The New Zealand Herald

Teacher takes baby into class

- Jacob McSweeny

A Whanganui school that allows a relief teacher to have her baby with her in the classroom while she teaches has angered some parents who say their children’s education is suffering.

Kaitoke School has a relief teacher take over for two hours a day in a class for students aged about 6. She has her baby, aged about 1, present.

One boy alerted his mother a couple of months into the teacher’s stint this year. Her son was frustrated and she said his reading level had dropped.

“I just don’t understand why the child cannot be put into some sort of daycare while she’s teaching,” the mother said.

Parents had been told in a Facebook post about the relief teacher but it didn’t make it clear the baby would be in the class, she said.

The parent, who chose not to be named so that her son would not be identified, was frustrated by the school’s response to her concerns.

“I went to the principal because I wasn’t happy and I was pretty much fobbed off by her.
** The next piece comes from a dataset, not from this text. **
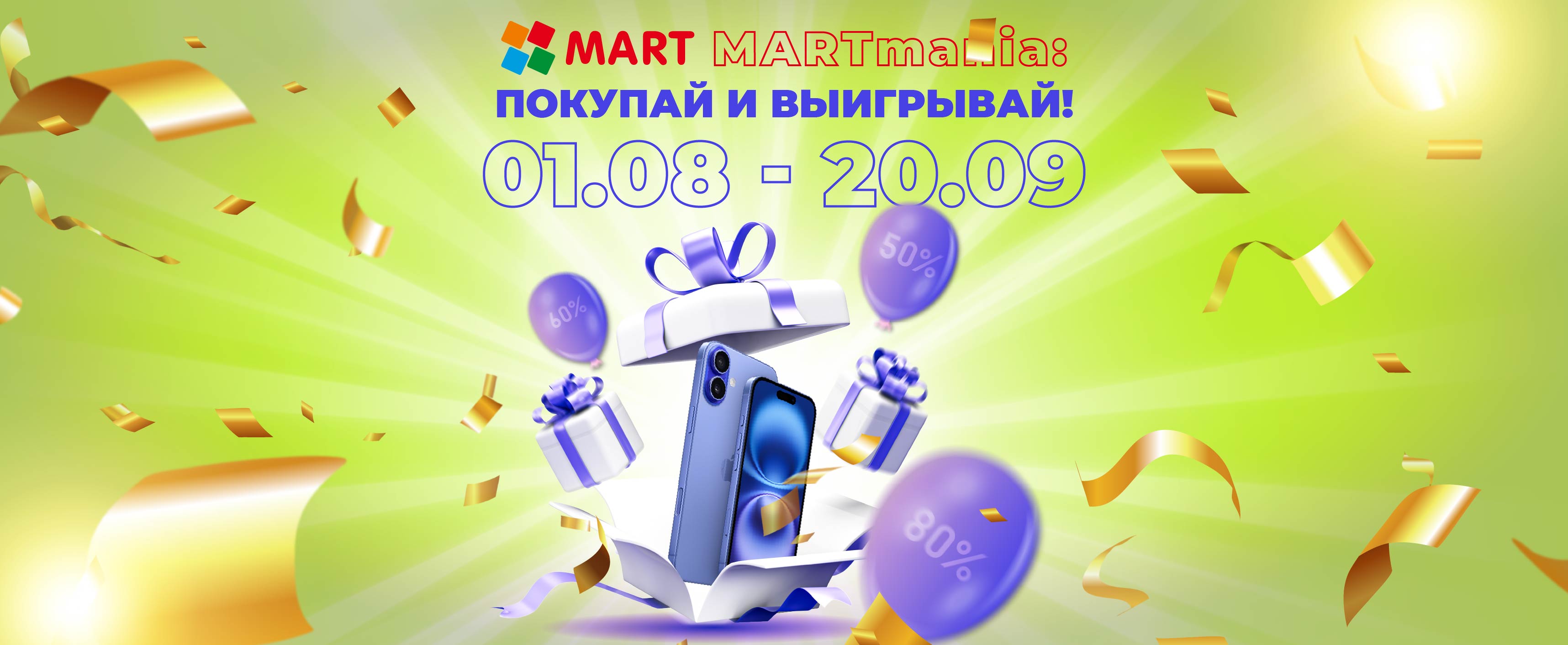 С 1 августа по 20 сентября совершай покупки в магазинах ТРЦ MART от 15 000 тенге и выиграй iPhone16 и другие подарки!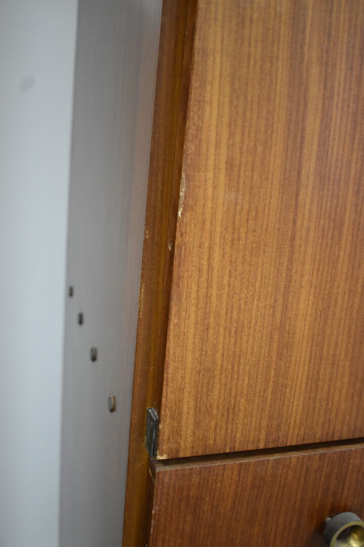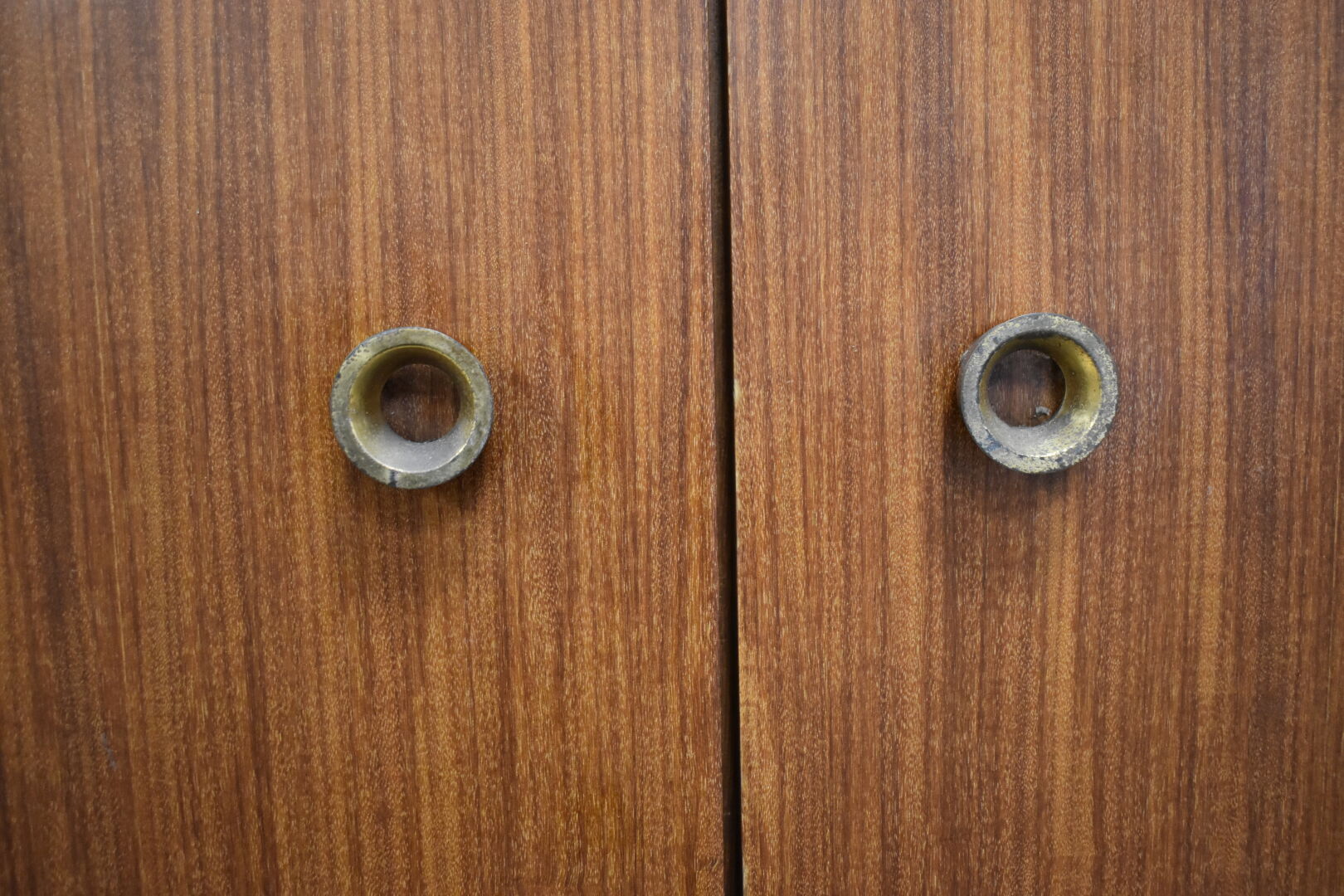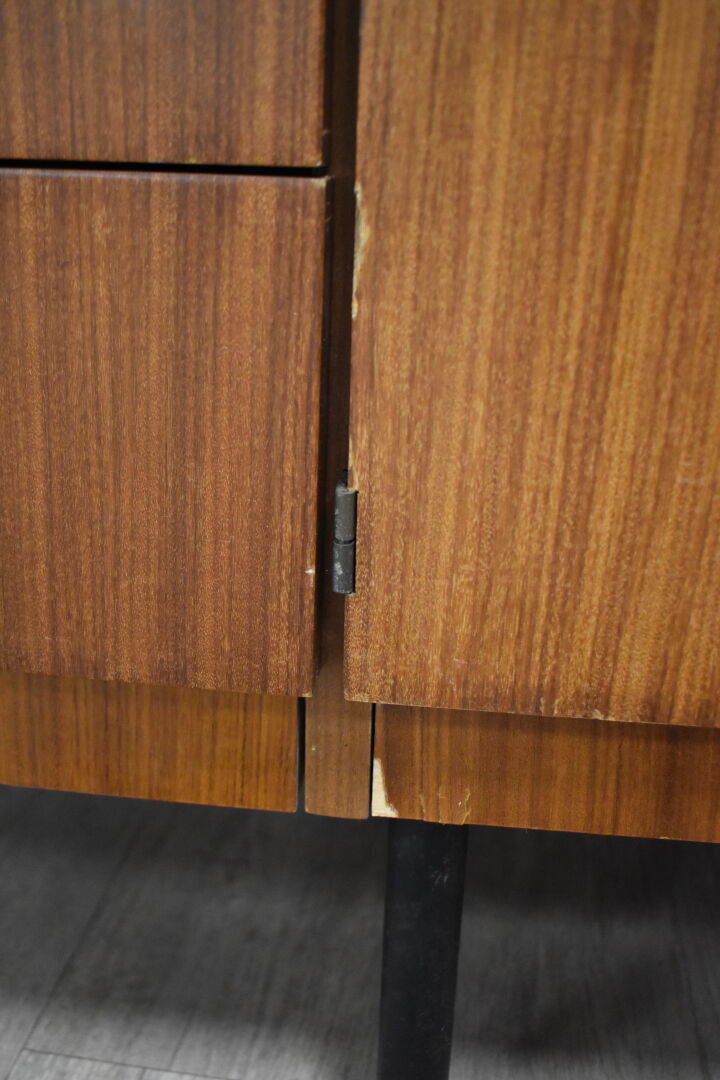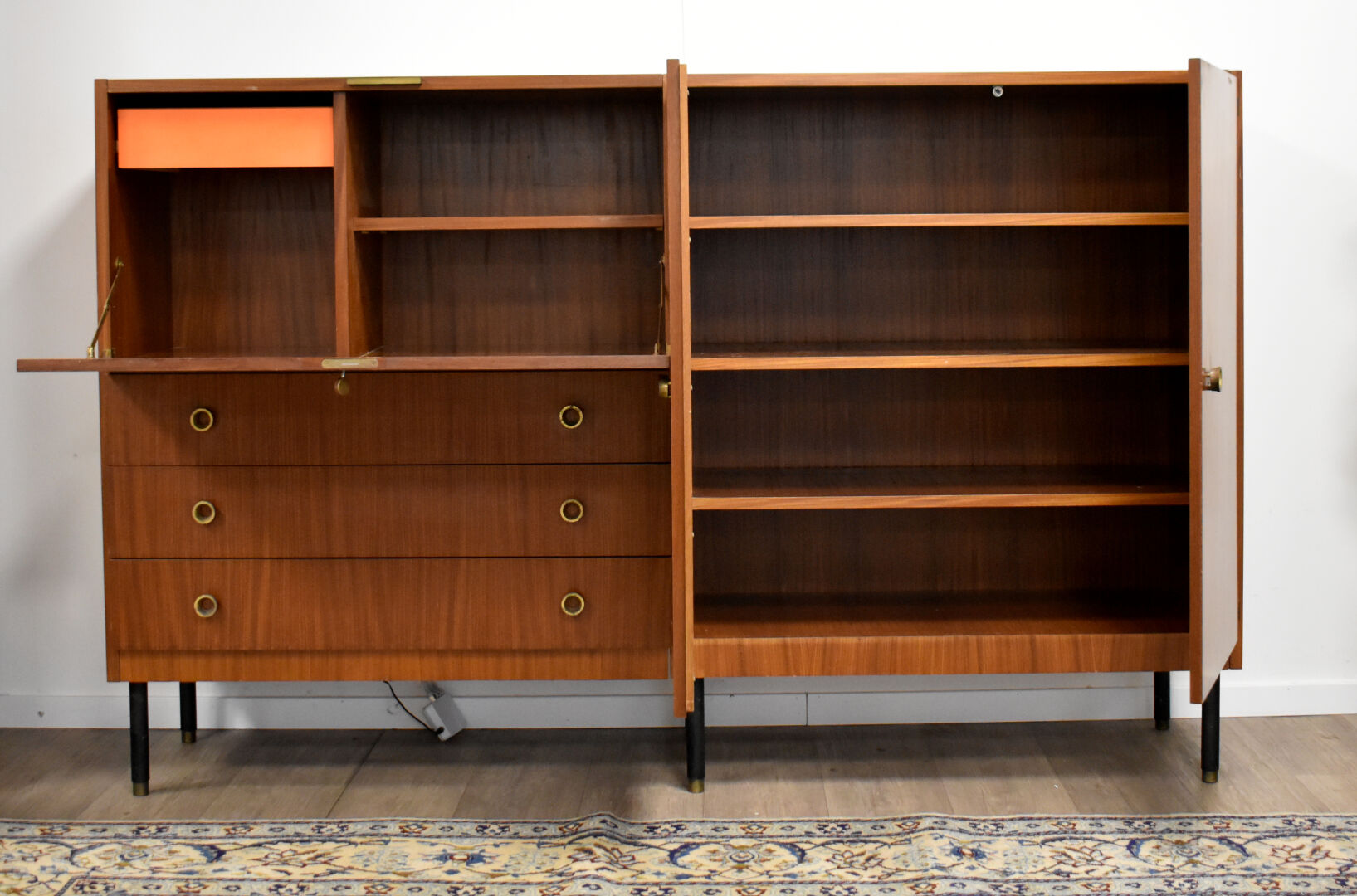 Marcel GASCOIN (1907-1986) – Pilote Expansion. Enfilade en teck (?) ouvrant à deux portes, un abattant et trois tiroirs (usures d’usage, manques). Piétement en métal laqué noir reposant sur des sabots en laiton. Poignées en laiton. Étiquette.Travail des années 1960. Haut. : 120 cm – Larg. : 188 cm – Prof. : 42 cm.

“So then I went and wrote a letter to the board of trustees and they took their time to get back to me and then told me that this is what it is, the baby’s staying, it’s written into her contract.”

The parent, who has now enrolled her son at another school, said 11 parents of the 19 children in the class also said it wasn’t right to have the baby in the classroom.

A newsletter had been sent to parents when the school got word of a potential petition from parents.

“Saying that they don’t condone this [the petition],” the parent said of the newsletter.

The acting chairman of the board of trustees, Rob Crawley, said the baby was in a carry pack and mostly slept.

He said the school had received two complaints and that they had been addressed appropriat­ely. Crawley also said the school had received letters of support from parents.